Dallow Lane
- Interactive map of Dallow Lane
- Full name: Dallow Lane
- Location: Luton, Bedfordshire, England
- Coordinates: 51°52′54.35″N 0°25′36.07″W﻿ / ﻿51.8817639°N 0.4266861°W
- Owner: Excelsior F.C. (1880–85) Luton Town F.C. (1885–97)
- Operator: Excelsior F.C. (1880–85) Luton Town F.C. (1885–97)
- Capacity: ca. 7,000
- Surface: Grass

Construction
- Built: 1880
- Opened: 1880
- Closed: 1897
- Demolished: ca. 1950

= Dallow Lane =

Football ground in Luton, England

Dallow Lane was a football ground in Luton, England. It was the home ground of Luton Town from its formation in 1885 until a move to Dunstable Road in 1897.

==History==
The first organised match of association football in Luton took place at Dallow Lane on 23 October 1880 – a fifteen-a-side match between Excelsior and Luton Rovers.
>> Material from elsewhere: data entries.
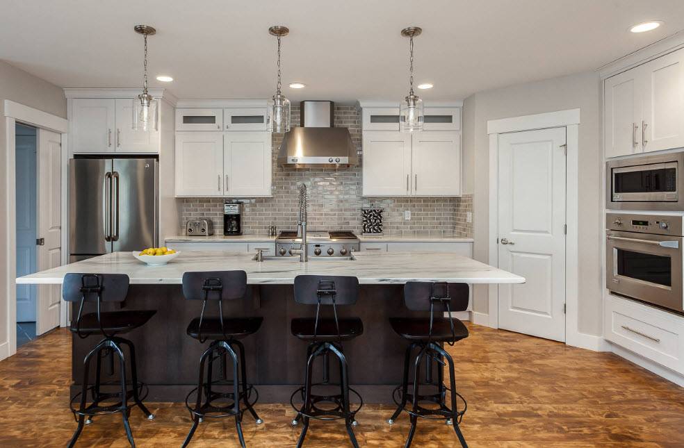 - Белый цвет. Белая кухня всегда в моде. Белые фасады визуально расширяют пространство, придают интерьеру легкости. Из минусов – может быть проблематичен уход.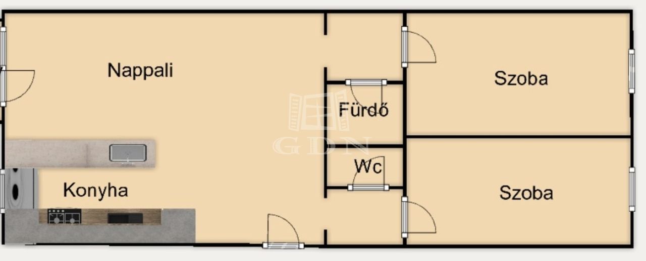 | 55 m2Alapterület | 1 + 2 Szoba |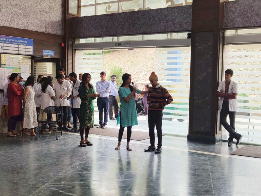 The venue for the World ORS day celebration, the Reception area of our esteemed Hospital, was decorated with hand drawn informative posters made by students, interns and post graduates, of our institute, as means of spreading awareness about ORS.The Heads of various departments, faculties, post graduates, interns, undergraduates and nursing staff gathered along with huge crowd of common people.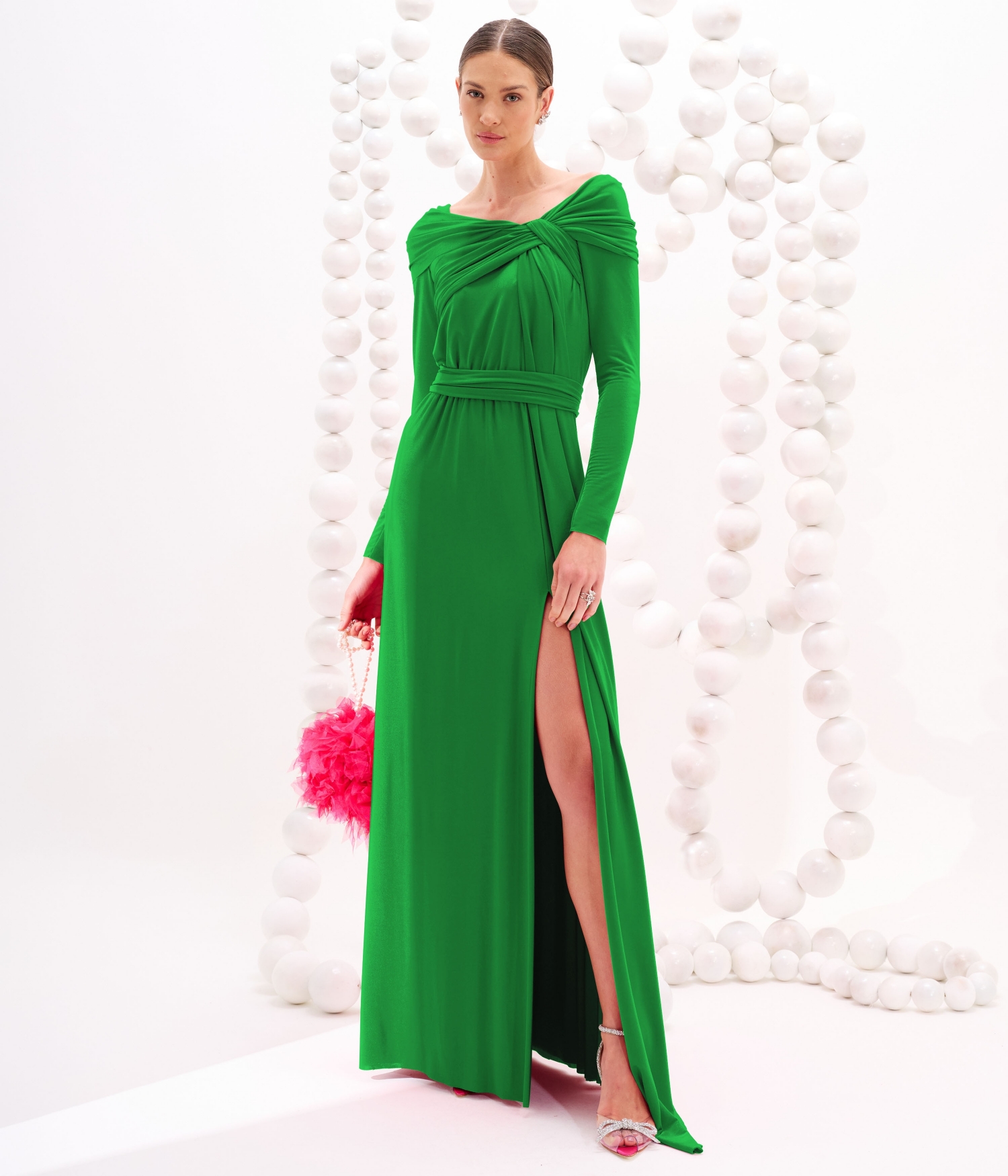Vestido de festa confeccionado em malha verde , tonalidade vibrante e sofisticada que transmite modernidade e elegância. O modelo apresenta decote drapeado que valoriza o colo e os ombros, além de mangas longas ajustadas e fenda lateral que adiciona sensualidade na medida certa. A cintura marcada realça a silhueta, enquanto o caimento fluido garante movimento e leveza ao caminhar.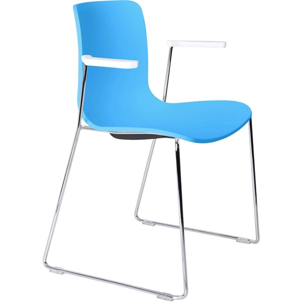 DAL ACTI CHAIR SLED BASE ARMS WHITE ARM-PADS AND CHROME FRAME OCEAN BLUE POLYPROP SHELL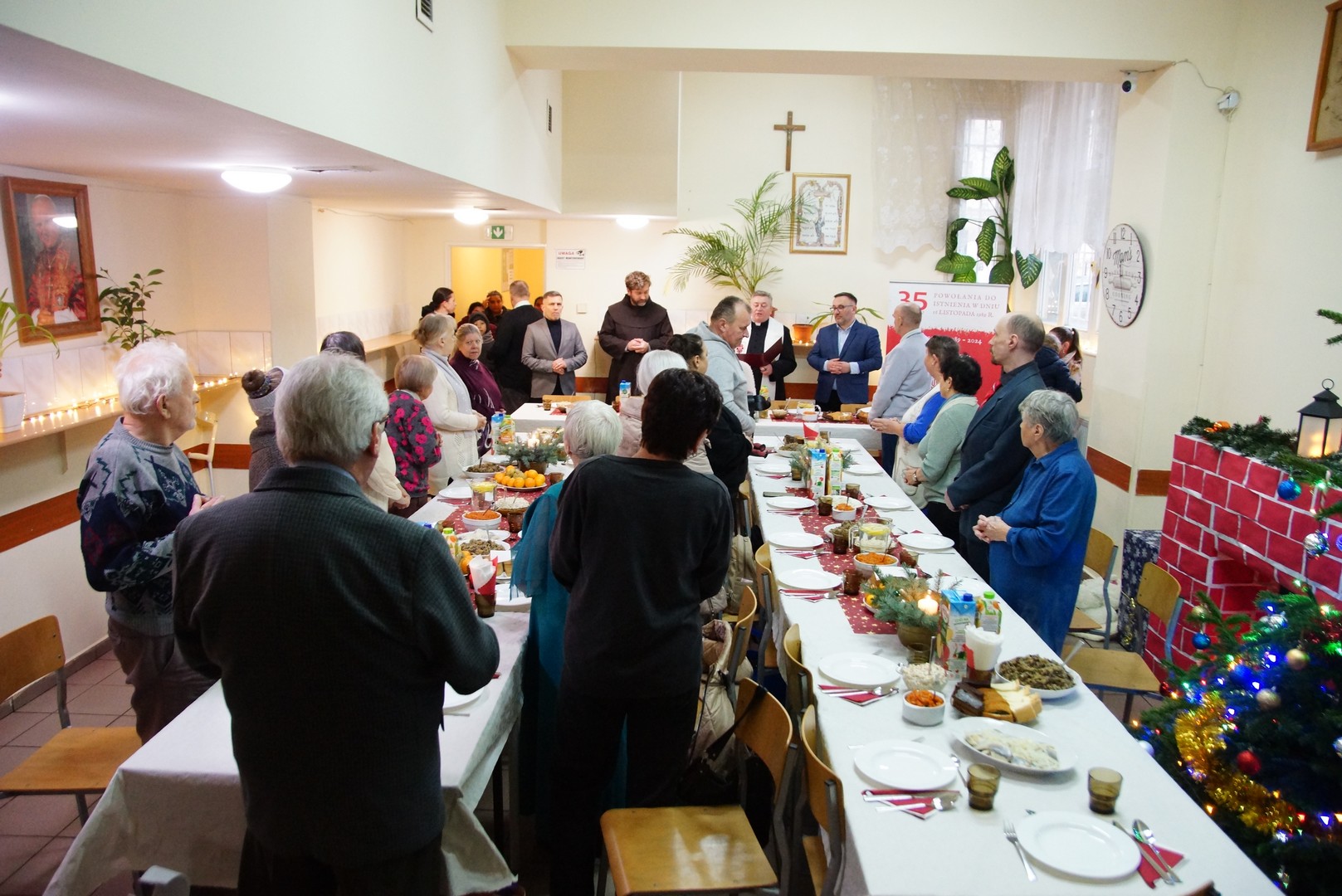 Serdeczne życzenia uczestnikom złożył dyrektor Caritas Archidiecezji Wrocławskiej, ks. Dariusz Amrogowicz. Podkreślił, że Boże Narodzenie jest znakiem obecności Boga właśnie w ubóstwie i ludzkiej kruchości. – Pan Jezus przychodzi do tego, co trudne, do doświadczenia biedy, smutku i samotności. Chce być z nami i nieść światło nadziei, życzliwości i dobroci – mówił. Zwrócił także uwagę, że Boża obecność objawia się poprzez konkretnych ludzi: pracowników, wolontariuszy i darczyńców, dzięki którym możliwe jest wspólne przeżywanie świąt.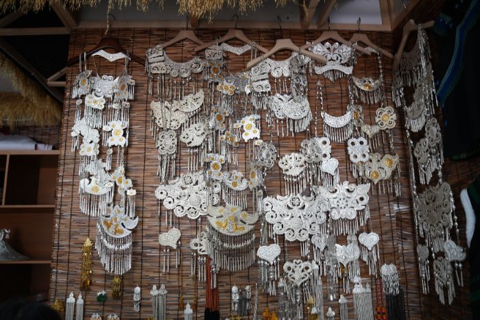 店铺临街区域,左右两排着衣模特整齐陈列,后排货架上层层叠叠挂满风格各异的彝绣服装;再往里走,则是琳琅满目的耳饰、头饰等饰品区。

Excelsior, a local works team, emerged as 2–0 victors and remained at the ground until the merger with Luton Town Wanderers in 1885 to become Luton Town Football Club. The new club decided to base itself at Excelsior's Dallow Lane.

Dallow Lane, also known as the Excelsior Ground, had a capacity of about 7,000 – most spectators would simply stand behind a rope close to the pitch, and there was a seated grandstand constructed in 1894. The stand was "120 feet long, 18 feet high, 13 feet deep and [had] five tiers of seats". Due to Dallow Lane's close proximity to the Luton to Dunstable railway line, players claimed to have trouble playing due to smoke from the engines. The club made a damaging financial loss during 1896–97 and was forced to sell the ground to stay afloat. Luton Town left Dallow Lane in April to play at Dunstable Road. The Dallow Lane grandstand remained on the site until the mid-20th century, used as a store shed.